What I want to be able to do is get what you see below, a dataframe of them combined.

The code I used to produce this frame is

 merged<- merge(Player1, Player2, by = c("Year"), all = TRUE)

Now, this is all fun and dandy for two data sets, but I am having very annoying difficulties to add more players to this combined data set.

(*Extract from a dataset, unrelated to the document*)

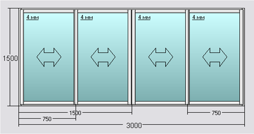 Кроме того, в отличие от вышеописанных разновидностей, безрамная система предполагает использование более толстого стекла 6–12 мм. Конструкция работает наподобие шкафа-купе, окна открываются путём сдвигания сегментов на роликах по полозьям нижней части профиля в одну сторону.

For example, maybe I would like to add 5, 10, 15 more players to this set. Examples of these players would be Kramnik, Anand, Gelfand ( Examples of famous chess players). As you'd expect, for 5 players, the dataframe would have 6 columns, 10 would have 11, 15 would have 16, all ordered nicely by the Year variable.

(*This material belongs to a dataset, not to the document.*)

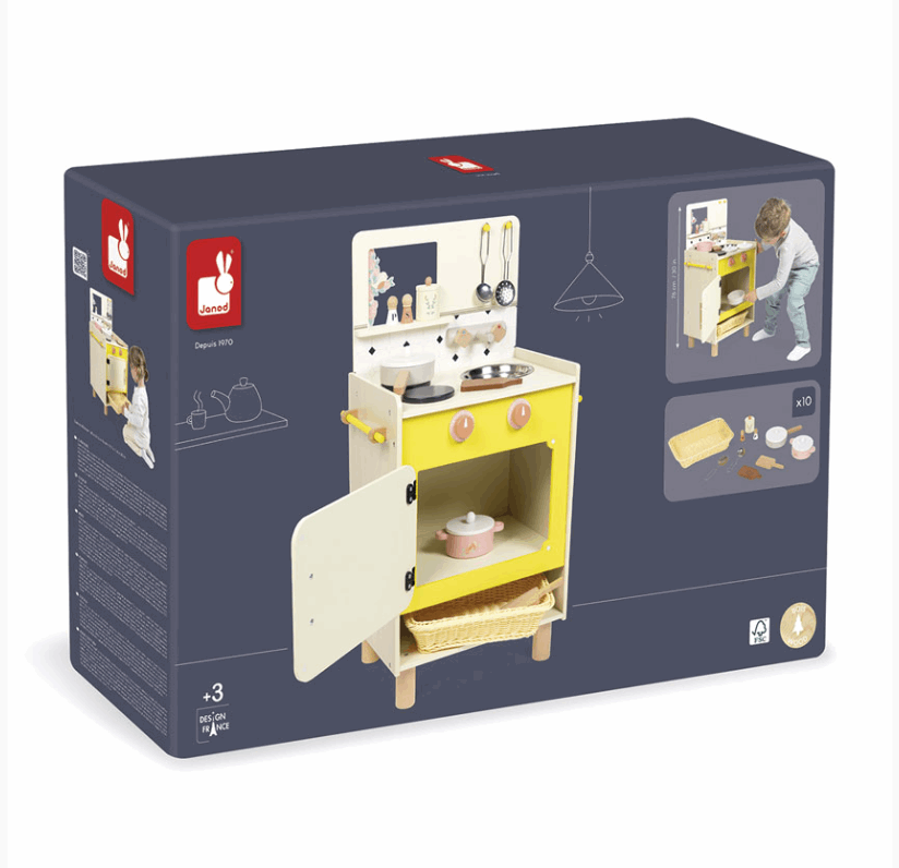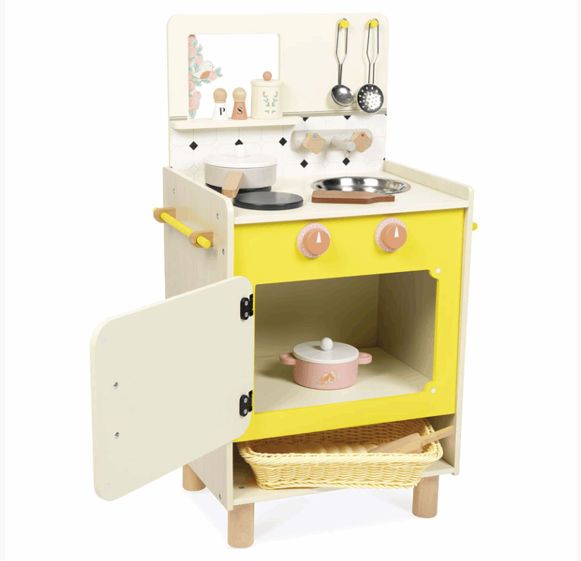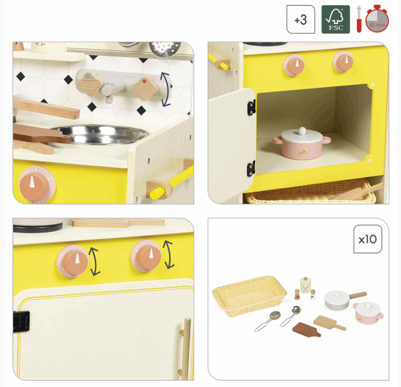 Step into the heart of family traditions with the Sunshine Kitchen, a delightful play kitchen designed to whisk little ones into a world of culinary creativity and imaginative fun. Inspired by the timeless charm of a country kitchen, this compact wooden set brings nostalgia and playfulness together in perfect harmony. Its compact size ensures it fits snugly in any play space, yet it?s packed with thoughtful features and accessories to keep budding chefs entertained. This kitchen is made from eco-friendly FSC certified wood, and comes with 10 play essentials, including 2 cutting boards, a frying pan, saucepan, skimmer, ladle, salt and pepper shakers, a spice jar and a large basket. Watch as your child prepares ingredients, simmers imaginary stews, and seasons their dishes to perfection, all while inventing captivating stories.

Fortunately, the number of observations for each Player is less than 100 always. Also, each individual player is assigned his/her own dataset.

For example,

 Nakamura is the Player1 dataframe
 Carlsen is the Player2 dataframe
 Kramnik is the Player3 dataframe
 Anand is the Player4 dataframe
 Gelfand is the Player5 dataframe

all of which I have created using a for loop assigning process using this code

for (i in 1:nrow(as.data.frame(unique(Timed_set_filtered$Name)))) {
  assign(paste("Player",i,sep=""), subset(Timed_set_filtered, Name == unique(Timed_set_filtered$Name)[i]))
}

I don't want to write out something like below:

 merged<- merge(Player1, Player2,.....Player99 ,Player100, by = c("Year"), all = TRUE)

I want to able to merge all 5, 10, 15...i number of Player"i" objects that I created in the loop together by Year.

Also, once it leaves the loop initially, each dataset looks like this.

So what ends up happening is that I assign all of the data sets to a list by using the following snippet:

 lst <- mget(ls(pattern='^Player\\d+'))
 list2env(lapply(lst,`[`,-2), envir =.GlobalEnv)
 lst <- mget(ls(pattern='^Player\\d+'))

for (i in 1:nrow(as.data.frame(unique(Timed_set_filtered$Name)))) {
  names(lst[[i]]) [names(lst[[i]]) == 'Rating'] <- eval(unique(Timed_set_filtered$Name)[i])
}

This is what my list looks like.

Is there a way I write a table with YEAR as the way its merged by, so that it[cbinds, bind_cols, merges, etc] each of the Player"i" dataframes, which are necessarily not equal in length , in my lists are such a way that I get a combined/merged set like the one you saw below the merged(player1, player2) set?

Here is the diagram again, but it would have to be for many players, not just Carlsen and Nakmura.

Also, is there a way I can avoid using the list function, and just straight up do

names(Player"i") [names(Player"i") == 'Rating'] <- eval(unique(Timed_set_filtered$Name)[i])

which just renames the titles of all of the dataframes that start with "Player".

merge(player1, player2, player3,...., player99, player100, by = c("YEAR"), all = TRUE)

which would merge all of the "Player""i" datasets?

If anything is unclear, please mention it.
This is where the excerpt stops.